Thursday, December 11, 2008
Night is right
Seraphine Pick: Fall and Trip Hazards
Michael Lett
11 December - 31 December 2008
We have here six new paintings from Pick: two beauties (Wandering Rose; Five Miles of You); two middling works (Good Morning, Morning; Fall and Trip Hazards): and two awful ones (Dressed Up For the Letdown; Love Like Yours). The works are shown from top to bottom.
The really successful works are so because of their unrelenting theatricality and spatial resolution. They are simple and immediate as composed images. Not too complicated. And rich in interpretative possibilities.
The other paintings tend to get spoiled by two main sorts of problem. One is that often the women seem stiff and robotlike, as if they secretly suffer from ghastly spinal ailments. They are more like plastic dolls than human.
The other is that often Pick’s forms aren’t anchored convincingly in the illusory space. They hover above the ground instead of standing or sitting on it. I think she knows this and tries to joke about it. Hence the pot plant on stilts in Good Morning, Morning.
Fall and Trip Hazards seems to be about sexual anticipation, but with an odd,ungainly composition that is making a joke about Balthus. The windows have a compelling rhythm while the precariously balanced reclining figure leaning back has a lip that looks like a tongue. It is pointedly the same height as the standing woman’s genitals. And the plastic tape covering the window crack looks like an erect phallus.

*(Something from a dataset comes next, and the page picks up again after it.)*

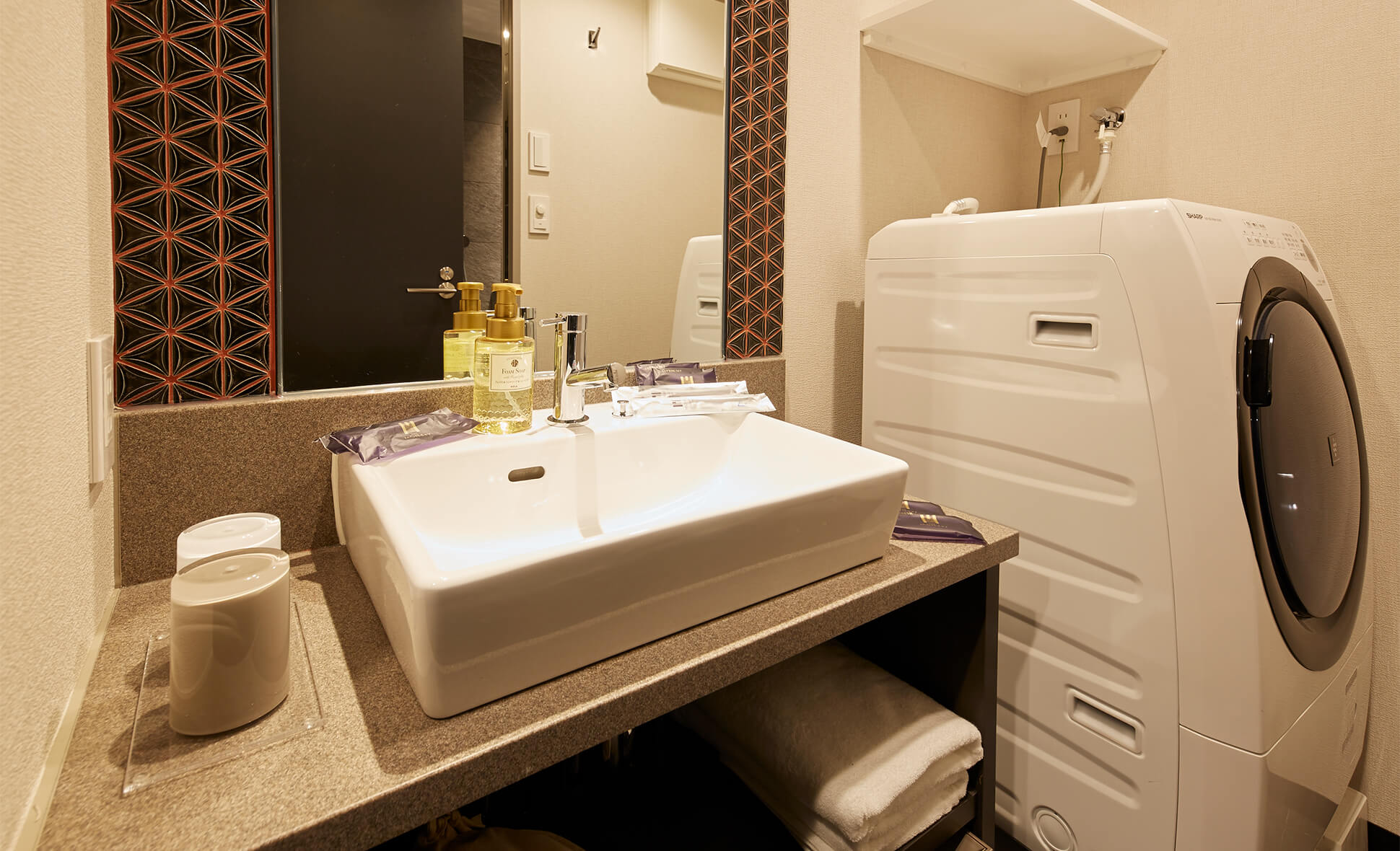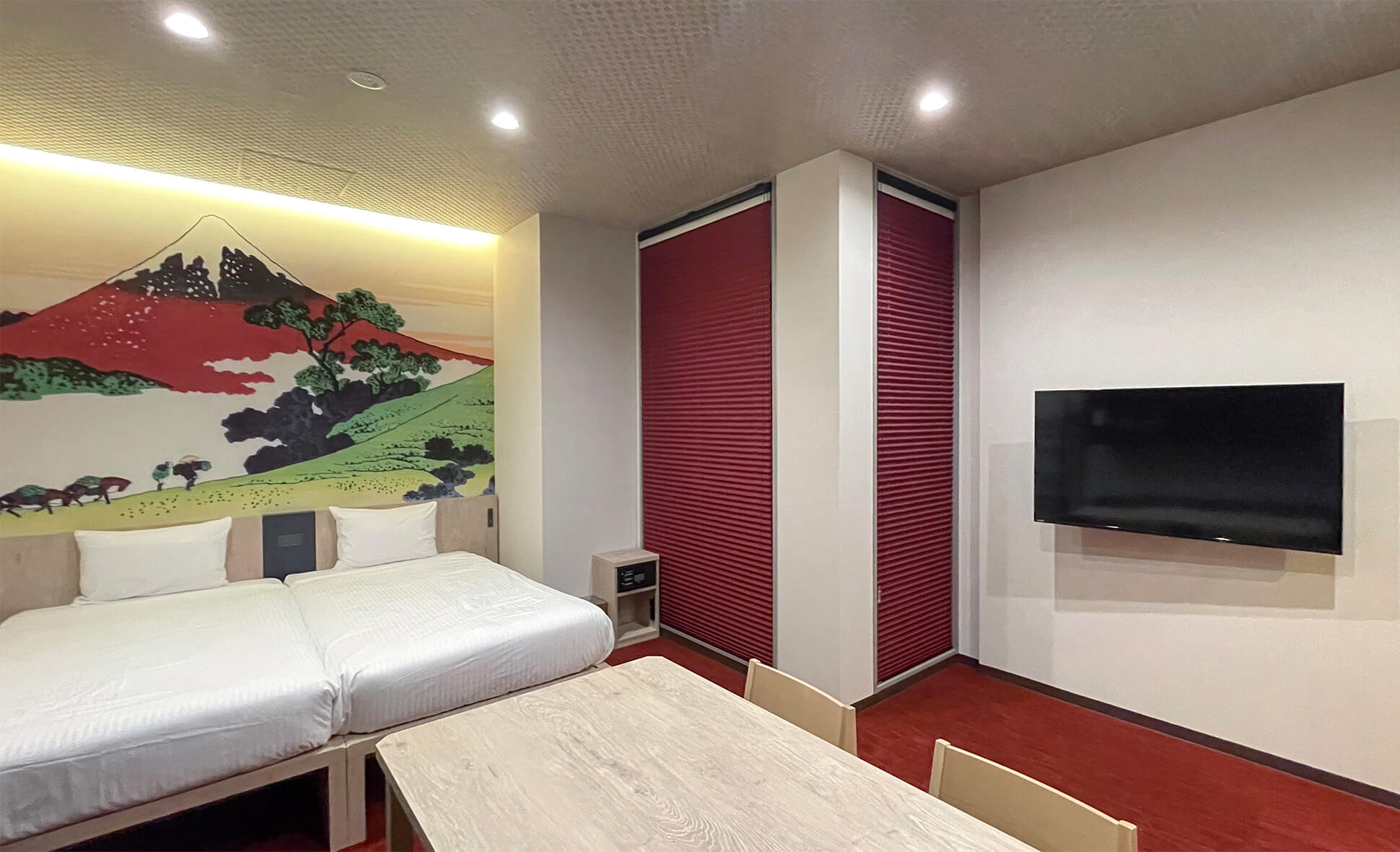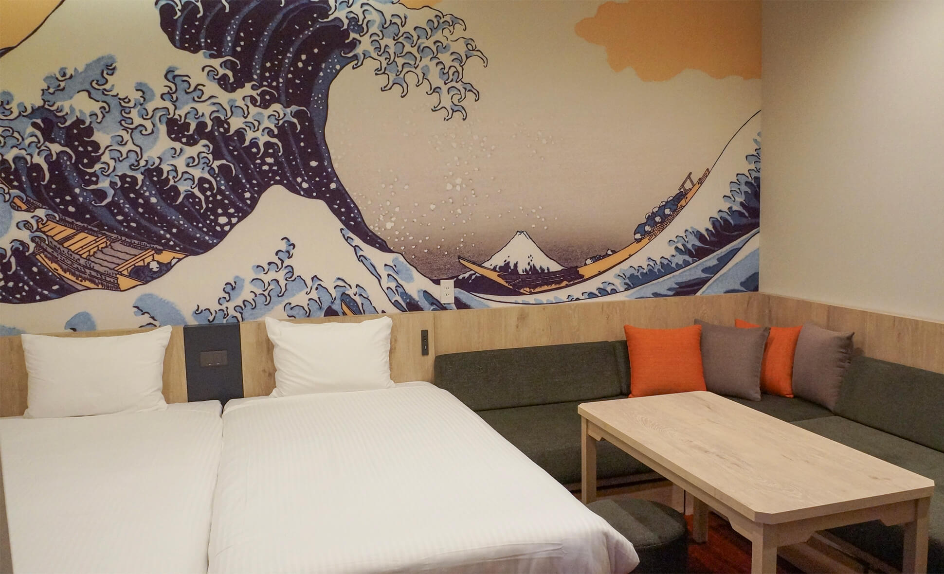 The wallpaper in the rooms features famous Japanese statues and portraits in an American comic book style for guests to enjoy. Original hand towels and eco bags are also included as gifts!

You think I am being a grub? Well Pick paintings are often sexual. She constructs images knowingly. These aren’t accidents. A viewer with a filthy mind is her perfect viewer.

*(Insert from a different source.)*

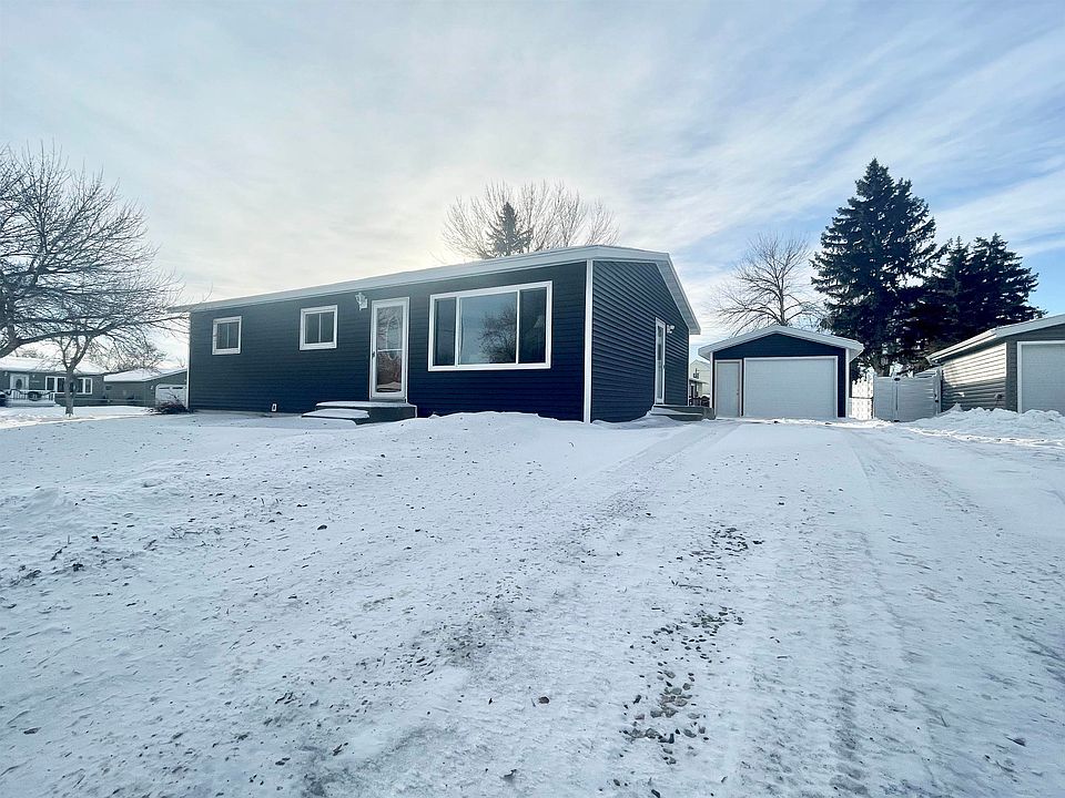 All the big projects are done with new windows, siding and roof. The interior is just waiting for your personal touches to update and make your own. The kitchen features custom cabinetry with eat in dining space that leads into the large living room. Down the hall you will find 2 bedrooms and a full bathroom as well as the largest primary bedroom with attached 1/2 bathroom. The unfinished lower level has tons of space to make into exactly what you want. Plumbing stubbed in for future bathroom. The large lot size is partially fenced and the long driveway leads to the 14x22 garage, with new roofing and siding as well. All this located in a convenient NW neighborhood.

The other paintings have young women suffering from frozen posture. They are sickeningly demure, and the paintings would be better without them, especially Love Like Yours where the trees on the skyline behind the rocks are fantastically inventive. She seems to have more facility with paint when creating night-time scenes. Apart from the brilliant Five Miles of You, in this show nocturnal imagery is what seems to suit her best.